A ring’s power inheres in its simplicity, its symmetrical beauty, its broad symbolism. We wonder at how a smooth and flawless object was forged with no residual evidence of its violent creation. Symbols are a way of elevating ourselves above our physical bodies — in other words, of denying our own mortality, to ourselves and to others. We are imperfect because we die. Love’s eternity, symbolized by the endless wedding band, is meant literally to last beyond our deaths. In loving, we create something lovelier and more perfect than our small, flawed selves. Love is humankind’s greatest achievement; no wonder we want to boast its attainment with full lungs. But shouting in public is still frowned upon, and so we settle for a lavish, gleaming totem.
In his book The Art of Loving, the sociologist Erich Fromm wrote:
The only way of full knowledge lies in the act of love: this act transcends thought, it transcends words. … It is the knowledge that we shall never “grasp” the secret of man and of the universe, but that we can know, nevertheless, in the act of love. Psychology as a science has its limitations, and, as the logical consequence of theology is mysticism, so the ultimate consequence of psychology is love.
This is the essence of symbolism. To equate a physical object with the alchemy of desire is absurd, and that is why we resort to it. We can only address love in terms mystical, irrational, over the top, because it is above the ordinary language of science and knowledge. Thus, the outsize significance of the wedding ring, a clumsy flail toward concretizing what is essentially ethereal. A wedding ring is a wink and a nod to the desperate, subsurface need for intimacy that drives us all. Beneficiaries of the wedding industrial complex, from dress boutiques to bridal magazines to wedding planners, prey on women who have been acculturated to believe that intimacy should and must be normalized through marriage, with all its elaborate, expensive paraphernalia, which form unmistakable visual cues for those on the outside looking in.
But even our most monolithic institutions change with the times. The cultural importance of marriage appears to be trending downward. Americans are getting married later, divorcing more often, and cohabiting with partners without marrying. Slowly but surely, we are carving out new shapes and spaces for our intimate lives. No matter how we frame our relationships, familial and romantic, we will need ways of making them legible to the world at large.
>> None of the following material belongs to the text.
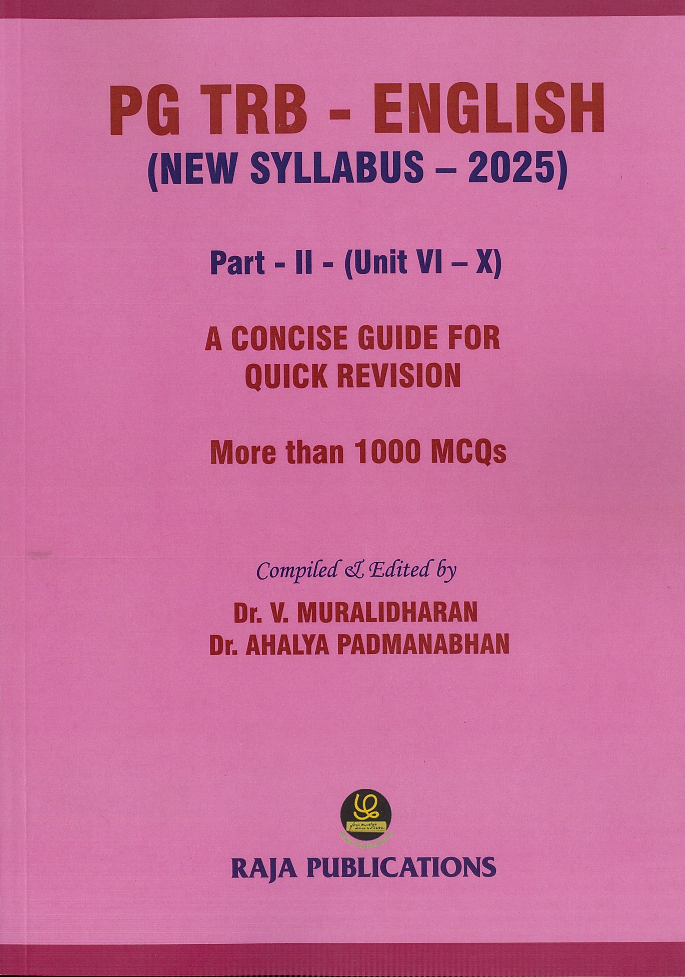 Author: Dr. V. MURALIDHARAN / Dr. AHALYA PADMANABHAN

For many, at our present moment in history, a lustrous cut of carbon set in metal prongs sends the message. Me and mine will settle on a modest token, a gesture toward rather than a full indulgence of the custom, as befits our adversarial dispositions. We are betting that those who know us will not think less of our love for the relative size of a rock, or absence of a ceremony, or public declarations. They will read the story we are writing properly.